ALOUD is the Library Foundation of Los Angeles' award-winning literary series of live conversations, readings and performances at the historic Central Library and locations throughout Los Angeles.
In this #1 New York Times bestseller, Michael Pollan offers a mind-bending investigation into the medical and scientific revolution taking place around psychedelic drugs—and the spellbinding story of his own life-changing psychedelic experiences as he set out to research the active ingredients in magic mushrooms. Blending science, memoir, travel writing, history, and medicine, How to Change Your Mind is a triumph of participatory journalism through Pollan’s discovery of how these remarkable substances are improving the lives not only of the mentally ill, but also of healthy people coming to grips with the challenges of everyday life. Sharing his deep dive into altered states of consciousness, Pollan discusses this unexpected new frontier in our understanding of the mind, the self, and our place in the world.

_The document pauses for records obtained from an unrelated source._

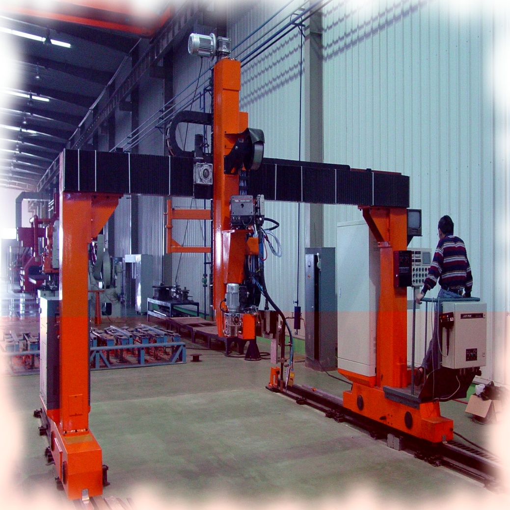 ● 龙门所配二台焊机、保护气气瓶(至少2个)、控制柜等均放在龙门两侧托架上,随龙门一起移动,进龙门的外部供电线缆采用滑线供给,使得龙门移动范围加大。
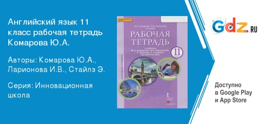 Выпускной класс означает огромное количество учебных забот. Подростки готовятся к ЕГЭ, сосредоточившись на экзаменационных дисциплинах. Но при этом нельзя ослаблять внимание и к другим наукам, времени на исправление ошибок и пробелов в знаниях уже нет. Впрочем, старшеклассника не нужно убеждать в важности такого предмета как английский язык. Без элементарного словарного запаса человек не сможет общаться даже с собственным компьютером. Но недостаточно понять значение предмета – нужно много, упорно работать над его изучением. И в этом школьникам поможет отличный виртуальный наставник «ГДЗ Рабочая тетрадь по английскому языку за 11 класс Комарова, Ларионова Инновационная школа (Русское слово)».
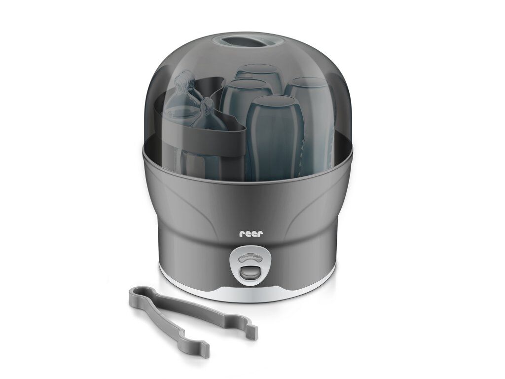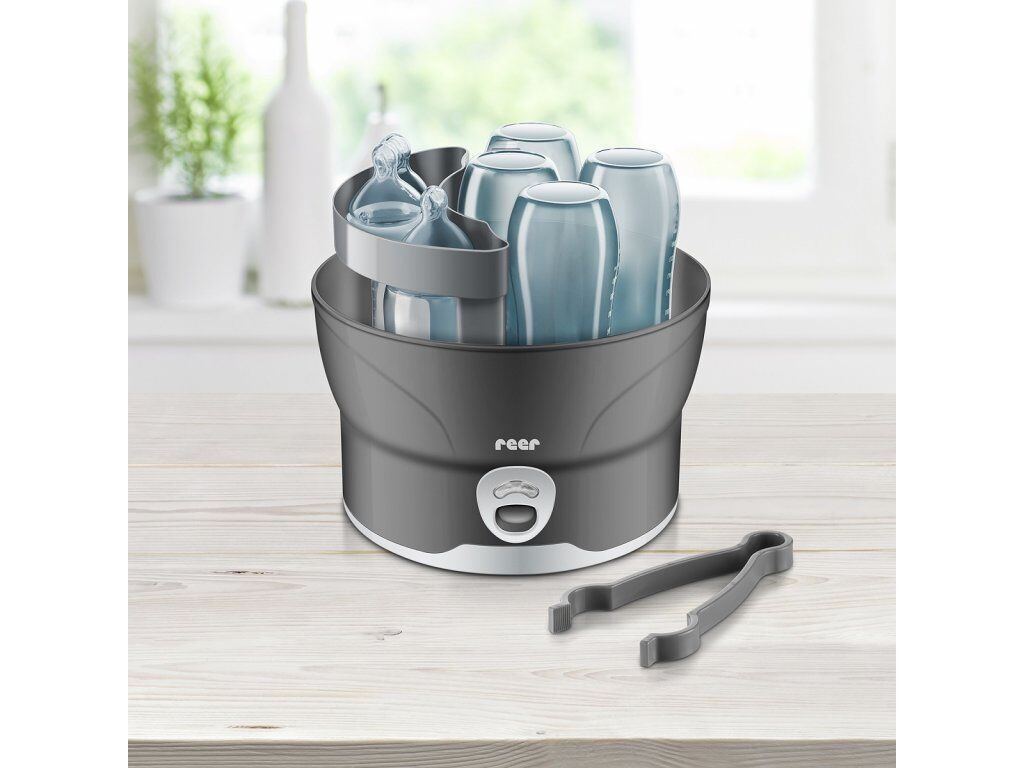 REER parní sterilizátor VapoMat S. Praktický sterilizátor pro rychlou, snadnou a bezpečnou dezinfekci dětských láhví, dudlíků a příslušenství. Dezinfekce pomocí páry je šetrná k životnímu prostředí a trvá pouze 10 minut.
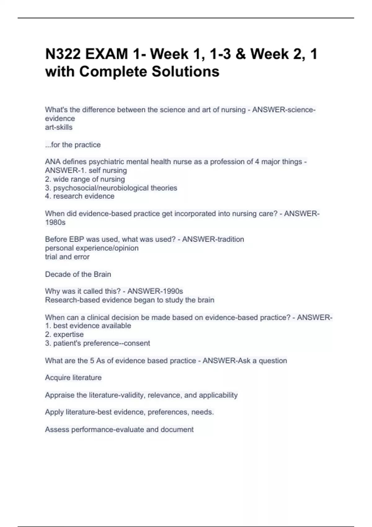 N322 EXAM 1- Week 1, 1-3 & Week 2, 1 with Complete SolutionsN322 EXAM 1- Week 1, 1-3 & Week 2, 1 with Complete SolutionsN322 EXAM 1- Week 1, 1-3 & Week 2, 1 with Complete SolutionsWhat's the difference between the science and art of nursing - ANSWER-science-evidence art-skills ...for the practice ANA defines psychiatric mental health nurse as a profession of 4 major things - ANSWER-1. self nursing 2. wide range of nursing 3. psychosocial/neurobiological theories 4. research evidence When did evidence-based practice get incorporated into nursing care? - ANSWER-1980s Before EBP was used, what was used? - ANSWER-tradition personal experience/opinion trial and error Decade of the Brain Why was it called this? - ANSWER-1990s Research-based evidence began to study the brain When can a clinical decision be made based on evidence-based practice? - ANSWER-1. best evidence available 2. expertise 3. patient's preference--consent What are the 5 As of evidence based practice - ANSWER-Ask a question Acquire literature Appraise the literature-validity, relevance, and applicability
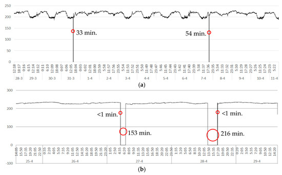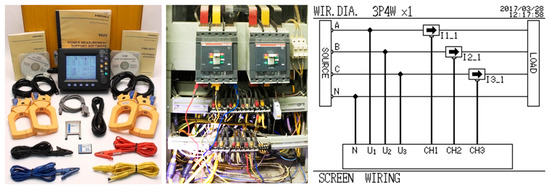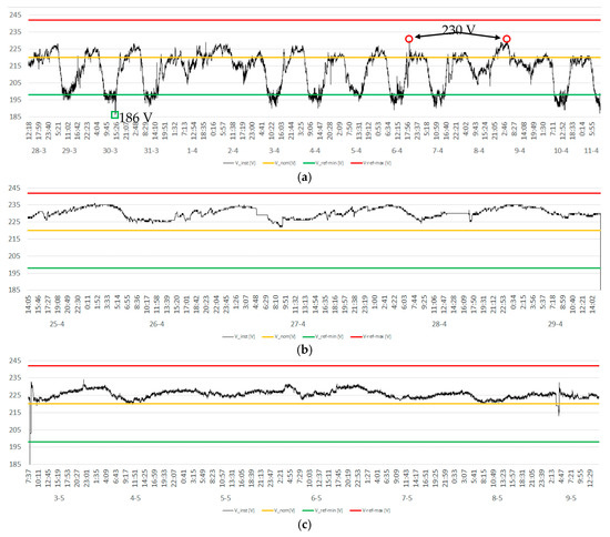 For power measurements, a 3169-21 Clamp-On Power HiTester (Hioki, Nagano, Japan) was installed on three-phase main distribution panels at office buildings in urban areas of the three locations. The Hioki device measured many power quality parameters, including the voltage level, with a recording interval of 1 min. The accuracy of the voltage level measurement is ±2%.
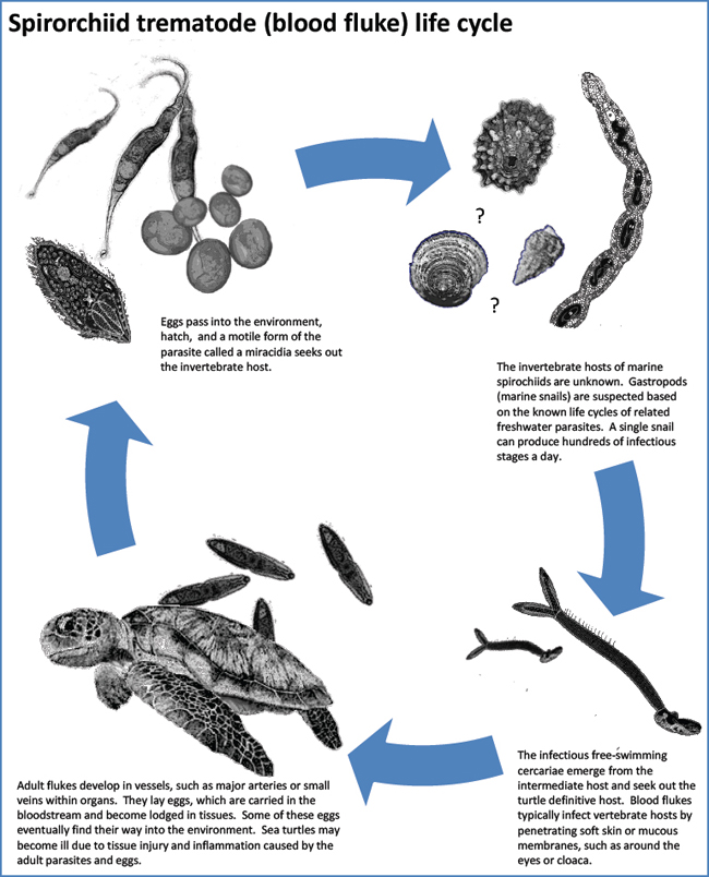 The life cycles of marine spirorchiids have yet to be discovered. This graphic is based on extrapolation from
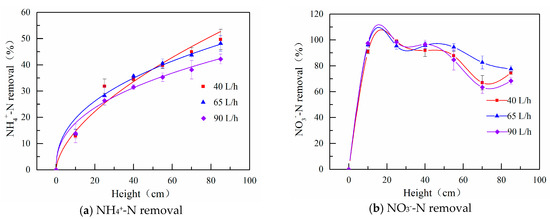 Figure 4 shows the results of NH4+-N and NO3−-N removal at different filter media heights. NH4+-N removal had a significantly positive correlation (R = 0.933, p = 1.73 × 10−8) with the filter media heights in Figure 4a. At 0–25 cm height of filter media, the filter removed more NH4+-N than those observed under other filters. At 25–85 cm height of filter media, when filter media heights increased by 15 cm, the rate of NH4+-N removal remained constant that were 5.02%, 4.15%, and 3.56% at different aeration rates, respectively. The results were mainly related to the supply of DO and the distribution of organic matter. However, the NO3−-N removal showed a significantly negative correlation (R = −0.817, p = 3.52 × 10−5) with the filter media heights and differed from the NH4+-N removal in Figure 4b. The removal efficiency of NO3−-N reached 94.85 ± 3.95% at filter media height of 0–10 cm. At 10–25cm height of filter media, NO3−-N removal efficiency did not change. NO3−-N removal tend to decrease at 25–85 cm height of filter media. The NO3−-N removal occurred as result of the biological denitrification process in the UBAF. The low DO concentrations (less than 0.5 mg/L) induced to the denitrification process [4]. Table 1 also showed that DO concentrations at the bottom of filter media remained lower than that observed under other layers. Therefore, the DO distribution likely explained the NO3−-N removal. In addition, aeration rate did not affect the removal of nitrogen at different filter media heights significantly. The aeration rates of 40 L/h and 65 L/h removed NH4+-N and NO3−-N more efficiently than the aeration rate of 90 L/h. Previous researches with BAF system also reported similar results of NH4+-N and NO3−-N removal [19].
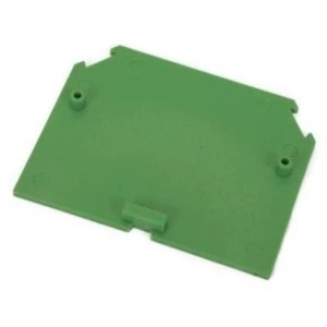 Płytka krańcowa dedykowana do złączek śrubowych RSA w kolorze zielonym i klasie palności V2 to element izolacyjny wykonany z tworzywa sztucznego, który jest przeznaczony do zamykania końcowych otworów w zestawach złączek śrubowych. Płytka zaprojektowana do dokładnego dopasowania do kształtu złączek, co zapewnia wysoką skuteczność w izolacji termicznej i akustycznej. Dodatkowo, dzięki swojej klasie palności V2, materiał użyty do produkcji ścianki końcowej jest trudnopalny i odporny na płomienie, co zwiększa bezpieczeństwo użytkowania.
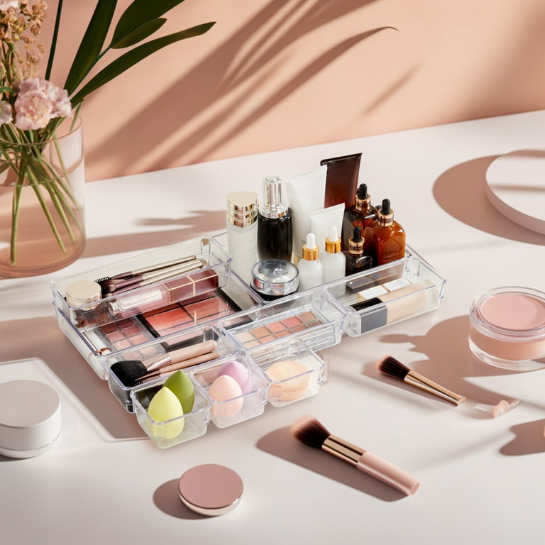Endlich Ordnung in deinen Schubladen! Dieses 7-teilige Organizer-Set in kristallklarem transparentem Design bringt System in dein Chaos. Vier verschiedene Größen lassen sich flexibel kombinieren - perfekt für Kosmetik, Schmuck, Büroartikel oder Küchenutensilien. Du siehst sofort, was wo ist! Einfach in die Schublade stellen und nach Belieben anordnen. Die Organizer sind super leicht zu reinigen - einfach abwischen oder abspülen. Ob im Bad, Schlafzimmer, Büro oder Küche - überall sorgt dieses Set für perfekte Übersicht. Mach Schluss mit dem lästigen Suchen und schaff dir deine persönliche Ordnung! Einfach platzieren, einräumen und sich über die aufgeräumten Schubladen freuen. Ein Must-have für alle Ordnungsliebenden!
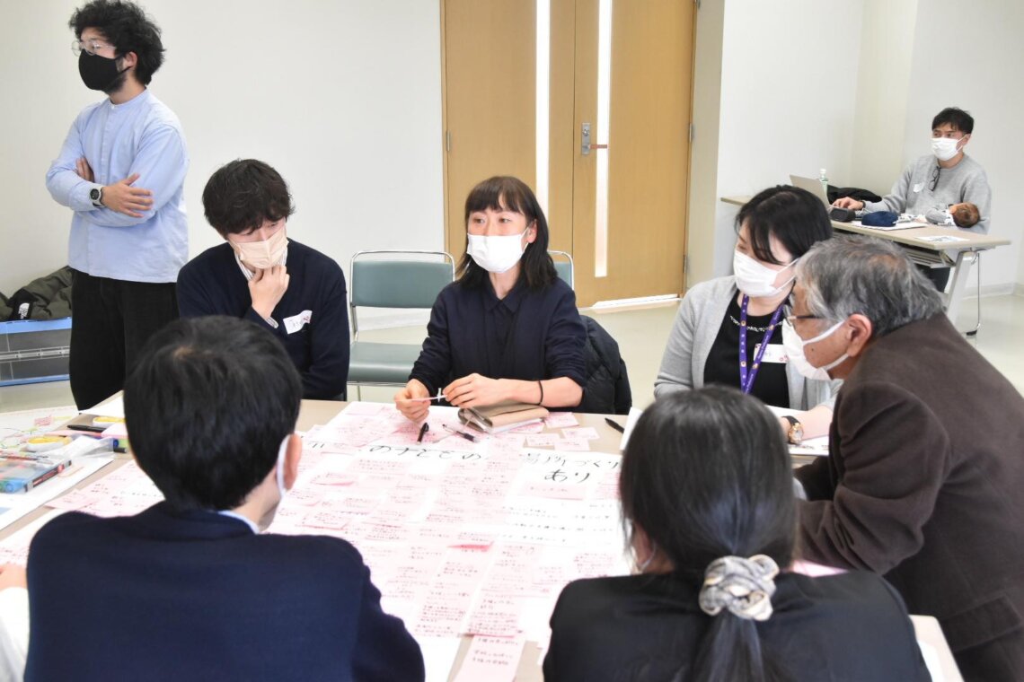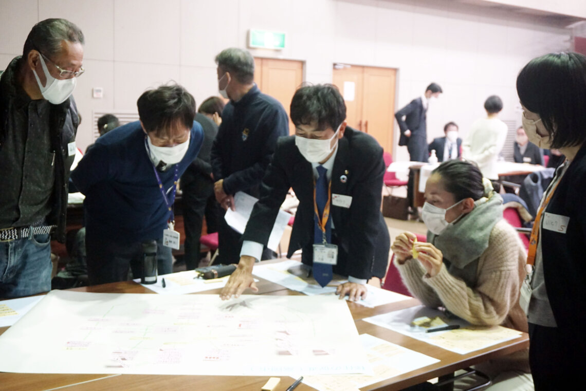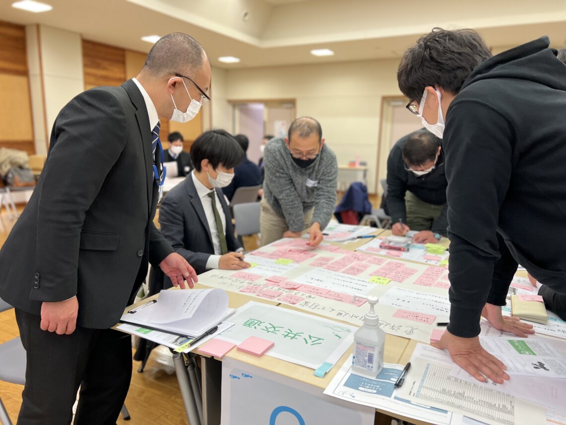 このワークショップでは、各テーブルに話し合いをサポートする行政職員(=ファシリテーター)を配置。この行政職員は、継続的に地域を支援できる体制づくりにつながればと「対話の場づくりについてのスキルと知識の習得」にも取り組みました。実際、多様な参加者の声を引き出したり、話し合いを進めていったりという場面でファシリテーターが活躍し、その成果として、地域別のワークショップを終えるとたくさんのアイデアや声が生まれていました。
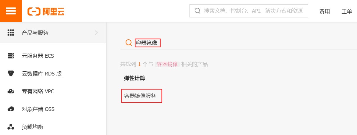 b. 输入资源提供的 子用户名称 和 子用户密码 ,点击 【登录】 ;然后搜索容器镜像,点击【容器镜像服务】登录控制台。
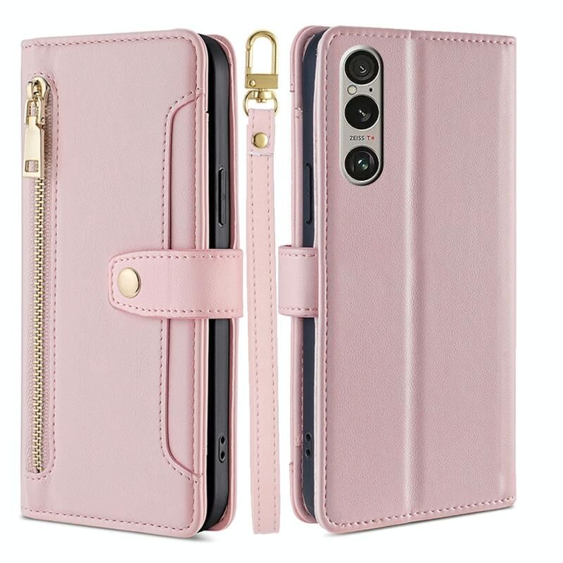 Για Sony Xperia 1 VI Lite Sheep Texture Cross-body φερμουάρ πορτοφόλι δερμάτινη θήκη τηλεφώνου (ροζ)
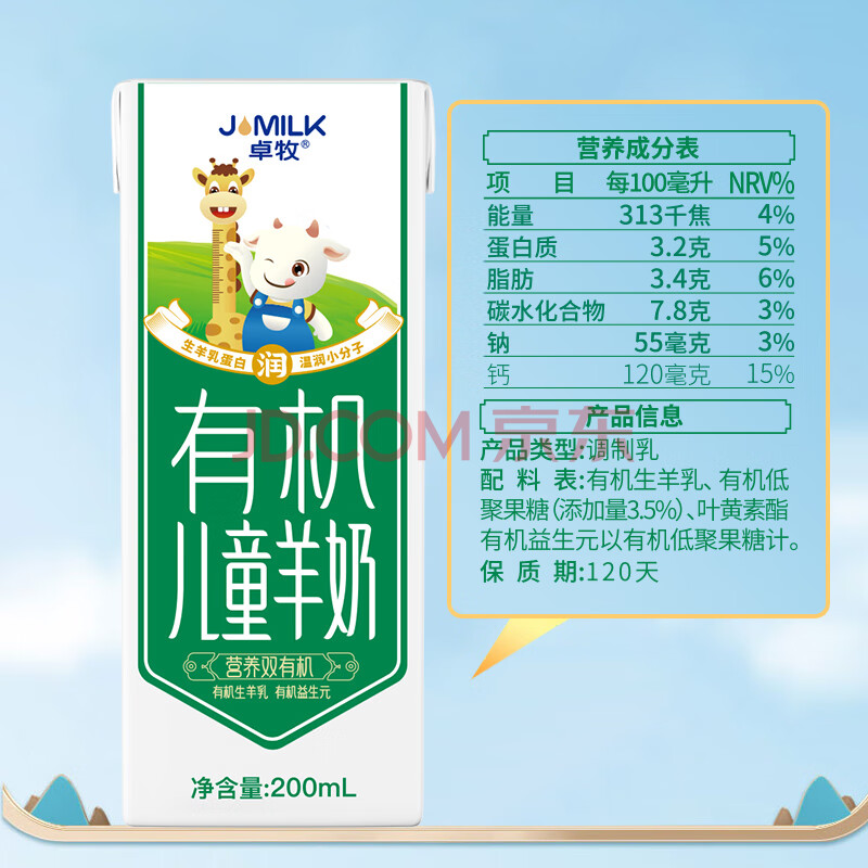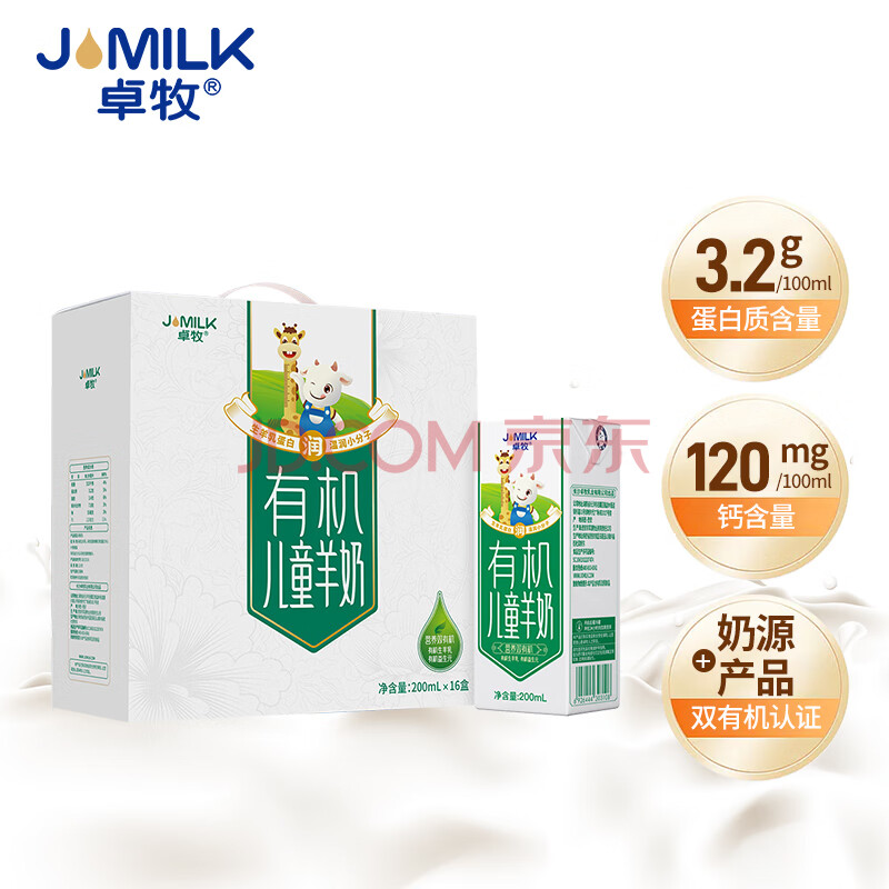 商品相册:卓牧(JOMILK)有机儿童羊奶儿童奶早餐奶天然A2羊乳蛋白200ml*16送礼盒第
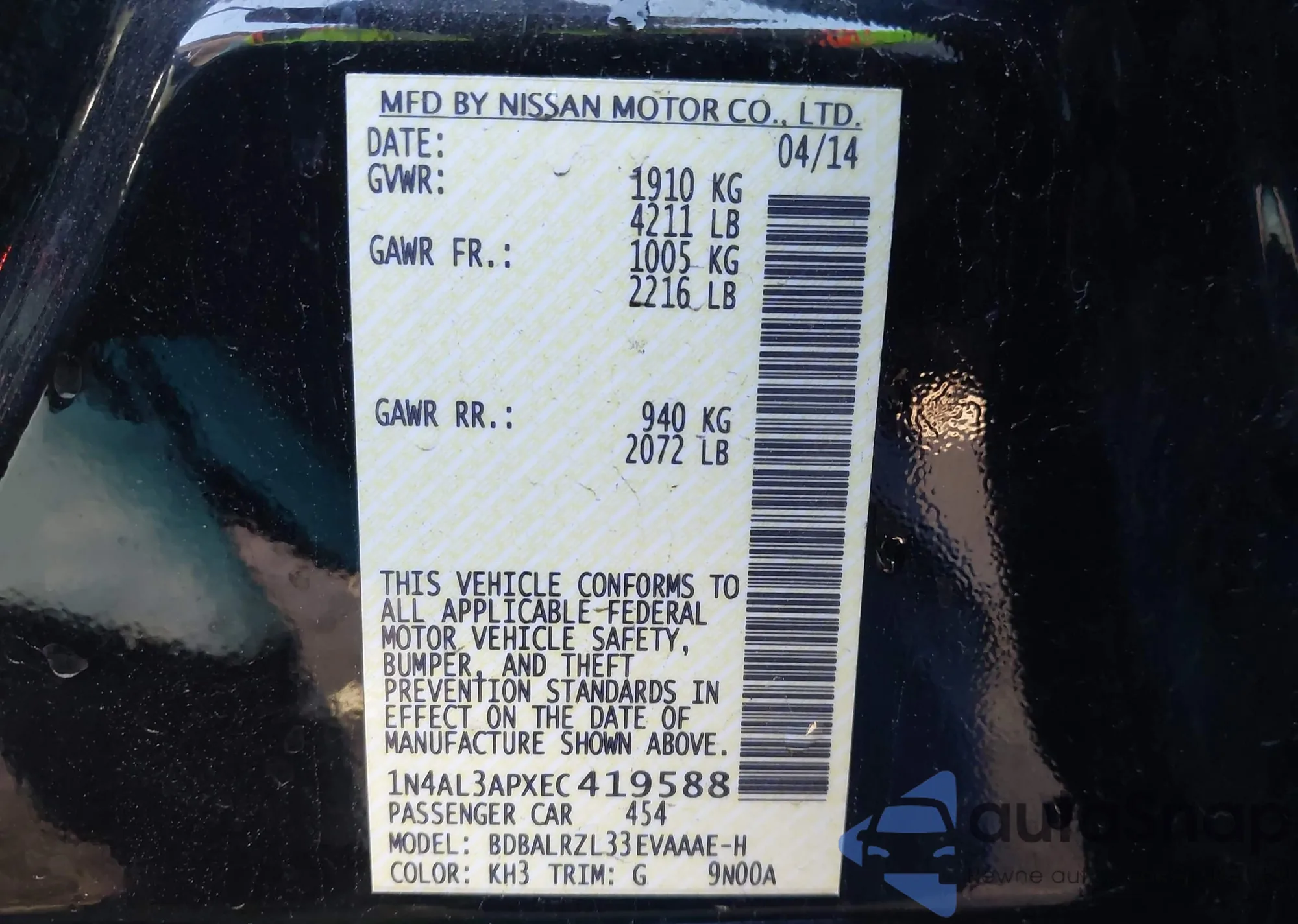 • VIN: 1N4AL3APXEC419588

In an impassioned call to action for elites and everyday citizens alike, former New York Times columnist Anand Giridharadas shines a light on the shady side of philanthropy. Winners Take All offers a scathing investigation of how the global elite’s efforts to “change the world” preserve the status quo and obscure their role in causing the problems they later seek to solve. This bestselling groundbreaking book poses many hard questions like: Why should our gravest problems be solved by the unelected upper crust instead of the public institutions it erodes by lobbying and dodging taxes? Giridharadas shares with us some of his bold answers, including how we must take on the grueling democratic work of building more robust, egalitarian institutions to truly change the world.
Rachel Cusk is an international literary superstar. Her most recent trilogy–Outline, Transit, and Kudos–draws its hero, Faye, through a collage of vignettes. Through tales told by the people Faye encounters–an airline companion, a disgruntled neighbor, and a fellow writer, among others–Faye’s own haunting past is stealthily revealed, making for an artful and hypnotic reading experience. “After her controversial memoirs of motherhood and marriage, the writer has a new design for fiction,” writes Judith Thurman in the New Yorker in a profile titled “Rachel Cusk Gut-Renovates the Novel.” Now, the UK-based writer brings the work that has captivated the writing (and reading) community to Los Angeles for a rare Stateside reading and conversation.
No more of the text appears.